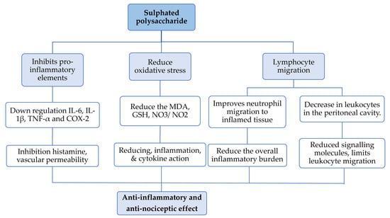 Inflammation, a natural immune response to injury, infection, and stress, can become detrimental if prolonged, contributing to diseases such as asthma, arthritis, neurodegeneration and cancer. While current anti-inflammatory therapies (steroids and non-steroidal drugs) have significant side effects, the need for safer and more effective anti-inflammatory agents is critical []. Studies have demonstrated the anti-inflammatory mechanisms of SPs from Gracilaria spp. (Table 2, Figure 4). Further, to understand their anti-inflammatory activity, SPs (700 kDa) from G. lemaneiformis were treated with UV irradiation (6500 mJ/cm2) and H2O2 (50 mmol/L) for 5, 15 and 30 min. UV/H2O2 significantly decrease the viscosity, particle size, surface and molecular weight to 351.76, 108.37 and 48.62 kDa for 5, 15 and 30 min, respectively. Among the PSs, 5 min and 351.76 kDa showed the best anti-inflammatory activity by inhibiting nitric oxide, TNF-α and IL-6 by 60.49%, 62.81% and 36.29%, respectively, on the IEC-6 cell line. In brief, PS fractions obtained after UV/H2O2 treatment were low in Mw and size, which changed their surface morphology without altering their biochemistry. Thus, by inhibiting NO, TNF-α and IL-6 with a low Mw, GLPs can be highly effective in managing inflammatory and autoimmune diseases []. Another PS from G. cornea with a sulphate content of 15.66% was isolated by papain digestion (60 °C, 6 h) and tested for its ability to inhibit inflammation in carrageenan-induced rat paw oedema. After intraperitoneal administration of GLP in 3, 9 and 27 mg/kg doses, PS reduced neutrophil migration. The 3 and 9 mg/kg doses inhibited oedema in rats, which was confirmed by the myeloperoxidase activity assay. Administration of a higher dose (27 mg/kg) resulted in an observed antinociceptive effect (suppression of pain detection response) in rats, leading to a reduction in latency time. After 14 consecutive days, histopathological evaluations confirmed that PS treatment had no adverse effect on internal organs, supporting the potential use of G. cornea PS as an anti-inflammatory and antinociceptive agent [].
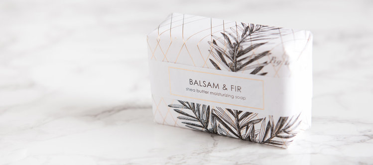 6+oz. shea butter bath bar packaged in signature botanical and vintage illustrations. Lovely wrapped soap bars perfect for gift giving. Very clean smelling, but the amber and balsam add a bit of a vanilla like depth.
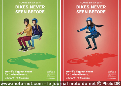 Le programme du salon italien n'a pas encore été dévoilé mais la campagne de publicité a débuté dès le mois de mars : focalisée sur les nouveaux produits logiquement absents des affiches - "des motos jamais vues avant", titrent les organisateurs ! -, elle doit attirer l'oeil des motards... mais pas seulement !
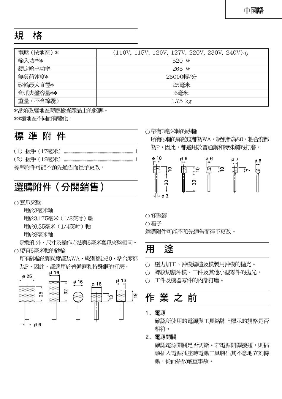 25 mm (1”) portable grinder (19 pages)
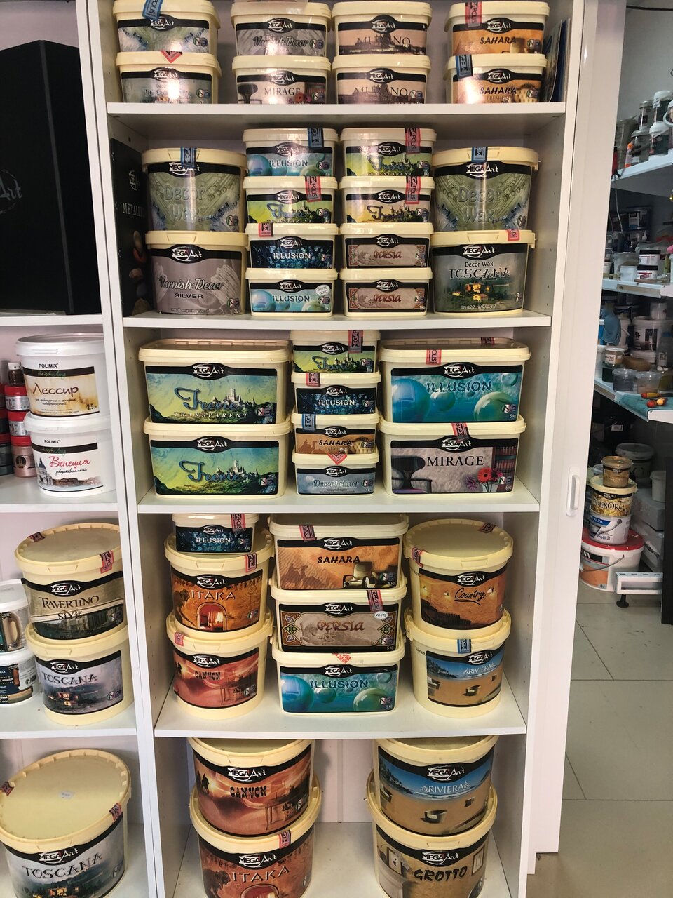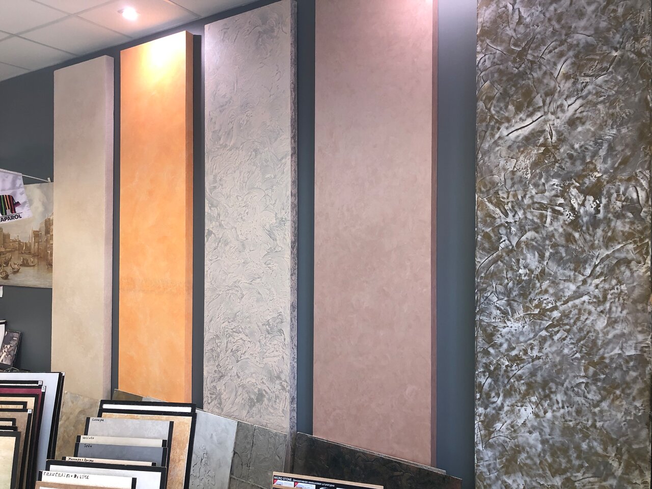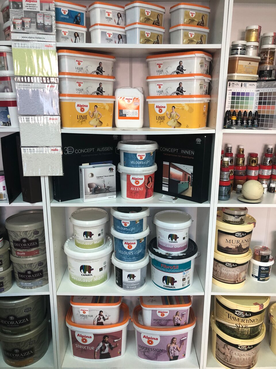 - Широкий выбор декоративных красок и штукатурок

Assignment
If pictures appear in the data, omit them and copy all other parts exactly.

Written answer
 Inflammation, a natural immune response to injury, infection, and stress, can become detrimental if prolonged, contributing to diseases such as asthma, arthritis, neurodegeneration and cancer. While current anti-inflammatory therapies (steroids and non-steroidal drugs) have significant side effects, the need for safer and more effective anti-inflammatory agents is critical []. Studies have demonstrated the anti-inflammatory mechanisms of SPs from Gracilaria spp. (Table 2, Figure 4). Further, to understand their anti-inflammatory activity, SPs (700 kDa) from G. lemaneiformis were treated with UV irradiation (6500 mJ/cm2) and H2O2 (50 mmol/L) for 5, 15 and 30 min. UV/H2O2 significantly decrease the viscosity, particle size, surface and molecular weight to 351.76, 108.37 and 48.62 kDa for 5, 15 and 30 min, respectively. Among the PSs, 5 min and 351.76 kDa showed the best anti-inflammatory activity by inhibiting nitric oxide, TNF-α and IL-6 by 60.49%, 62.81% and 36.29%, respectively, on the IEC-6 cell line. In brief, PS fractions obtained after UV/H2O2 treatment were low in Mw and size, which changed their surface morphology without altering their biochemistry. Thus, by inhibiting NO, TNF-α and IL-6 with a low Mw, GLPs can be highly effective in managing inflammatory and autoimmune diseases []. Another PS from G. cornea with a sulphate content of 15.66% was isolated by papain digestion (60 °C, 6 h) and tested for its ability to inhibit inflammation in carrageenan-induced rat paw oedema. After intraperitoneal administration of GLP in 3, 9 and 27 mg/kg doses, PS reduced neutrophil migration. The 3 and 9 mg/kg doses inhibited oedema in rats, which was confirmed by the myeloperoxidase activity assay. Administration of a higher dose (27 mg/kg) resulted in an observed antinociceptive effect (suppression of pain detection response) in rats, leading to a reduction in latency time. After 14 consecutive days, histopathological evaluations confirmed that PS treatment had no adverse effect on internal organs, supporting the potential use of G. cornea PS as an anti-inflammatory and antinociceptive agent [].
 6+oz. shea butter bath bar packaged in signature botanical and vintage illustrations. Lovely wrapped soap bars perfect for gift giving. Very clean smelling, but the amber and balsam add a bit of a vanilla like depth.
 Le programme du salon italien n'a pas encore été dévoilé mais la campagne de publicité a débuté dès le mois de mars : focalisée sur les nouveaux produits logiquement absents des affiches - "des motos jamais vues avant", titrent les organisateurs ! -, elle doit attirer l'oeil des motards... mais pas seulement !
 25 mm (1”) portable grinder (19 pages)
 - Широкий выбор декоративных красок и штукатурок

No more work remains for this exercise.